NEAR Protocol is betting its future on autonomous AI agents that transact at machine speed, positioning itself as the settlement layer for a coming agent economy. A June 2026 upgrade called dynamic resharding is the centerpiece of this strategy, designed to automatically scale the blockchain to handle unpredictable bursts of activity. However, the thesis faces a real complication: NEAR's active user numbers are falling, suggesting the agent economy has not yet arrived.
The AI-agent thesis
NEAR's strategy rests on a specific vision: an on-chain economy where AI agents buy compute, settle payments, and execute trades automatically, without human intervention. These agents would generate transaction bursts that would overwhelm conventional blockchains, causing fee spikes and slow confirmations. NEAR aims to be the infrastructure built to absorb that load, with its token branded as "the currency of agents" and the network as "a unified commerce layer."
The requirement for automatic, instant scalability is the technical heart of the bet. NEAR's co-founder, who co-authored the 2017 paper introducing the transformer architecture behind today's large language models, has framed the protocol as fundamental infrastructure for AI-driven commerce.
Dynamic resharding: the June upgrade
The centerpiece of NEAR's bet is dynamic resharding, part of network release 2.13. Sharding splits a blockchain into parallel partitions called shards, each processing transactions independently. Until now, adding a new shard required weeks of validator coordination and a governance vote. Dynamic resharding removes that human bottleneck: when a shard fills past a defined threshold, it automatically splits into more shards, adding capacity in real time without human intervention.
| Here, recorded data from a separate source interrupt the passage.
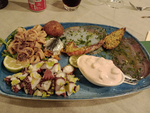 dans une maison du début des années 1900 dans le centre historique de Ravanusa il y a un restaurant accueillant et beau où la cuisine de poisson est l'excellence pour le goût et la créativité, en plus de la très bonne cuisine régionale. Environnement propre avec une pièce...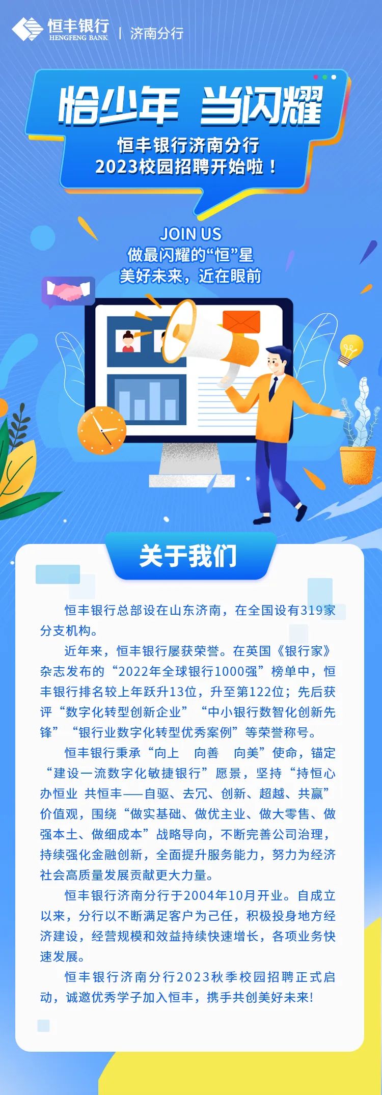 招聘启事丨恒丰银行济南分行2023校园招聘开始啦!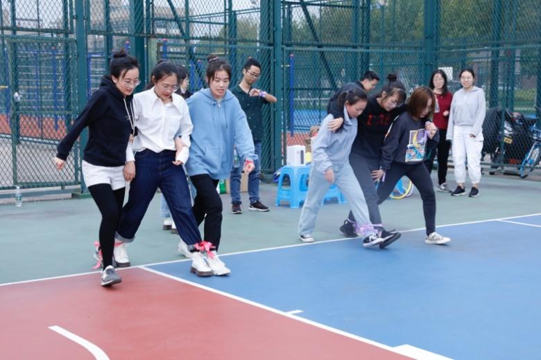 在“袋鼠跳”项目中,师生采用迎面接力形式,双脚套在袋子中跳跃前进,按完成时间进行排名,其中紫队一马当先,拔得头筹。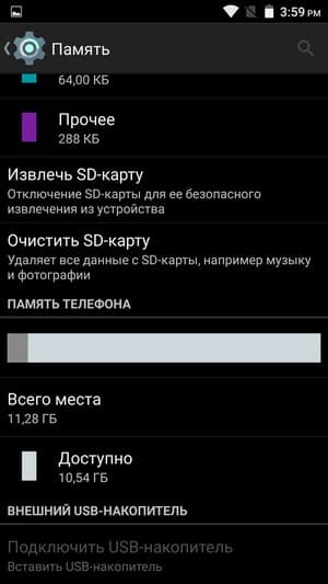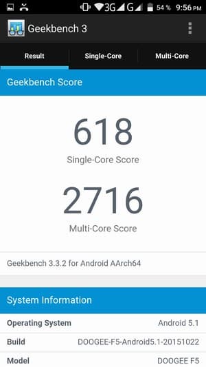Аппаратная платформа Doogee F5 строится на базе уже знакомой восьмиядерной однокристальной системы (SoC) MediaTek MT6753. Это более слабая платформа в сравнении с MT6752, рабочая частота ее ядер CPU урезана, а также используется менее производительный видеоускоритель. В конфигурацию данной SoC входят все те же восемь процессорных ядер Cortex-A53, но работают они на частоте до 1,3 ГГц. За обработку графики здесь отвечает видеоускоритель Mali-T720. Объем ОЗУ составляет 3 ГБ, а собственной памяти для нужд пользователя в устройстве изначально доступно около 11 ГБ из общего объема 16 ГБ. Есть возможность подключения карт microSD, но тогда придется вынуть вторую SIM-карту. На практике наша проверочная карта Transcend Premium microSDXC UHS-1 объемом 128 ГБ уверенно распозналась устройством. Также поддерживается подключение внешних устройств в режиме USB OTG.

NEAR's leadership says the upgrade will let the network scale to many dozens of shards, with throughput exceeding major payment networks. The same upgrade also adds post-quantum-secure signatures, allowing users to rotate to quantum-safe keys, a forward-looking security measure.
The supporting pieces
Beyond dynamic resharding, NEAR has assembled other components around the AI-agent thesis. NEAR Intents provides a cross-chain settlement system, letting agents settle activity across multiple blockchains. Privacy tooling and tokenomics that tie usage to the token's value round out the strategy. Together, these pieces form a coordinated effort to become essential infrastructure for the agent economy.
The complication: falling usage
Despite the ambitious narrative, NEAR's on-chain usage tells a different story. Active users have been declining, indicating that the agent economy has not yet materialized. This gap between the soaring narrative and actual usage is a serious consideration for any observer. The thesis is coherent and the technology is real, but the market has not yet embraced it at scale. NEAR's bet is a concrete expression of the AI-crypto crossover, and its success depends on whether the agent economy arrives as predicted.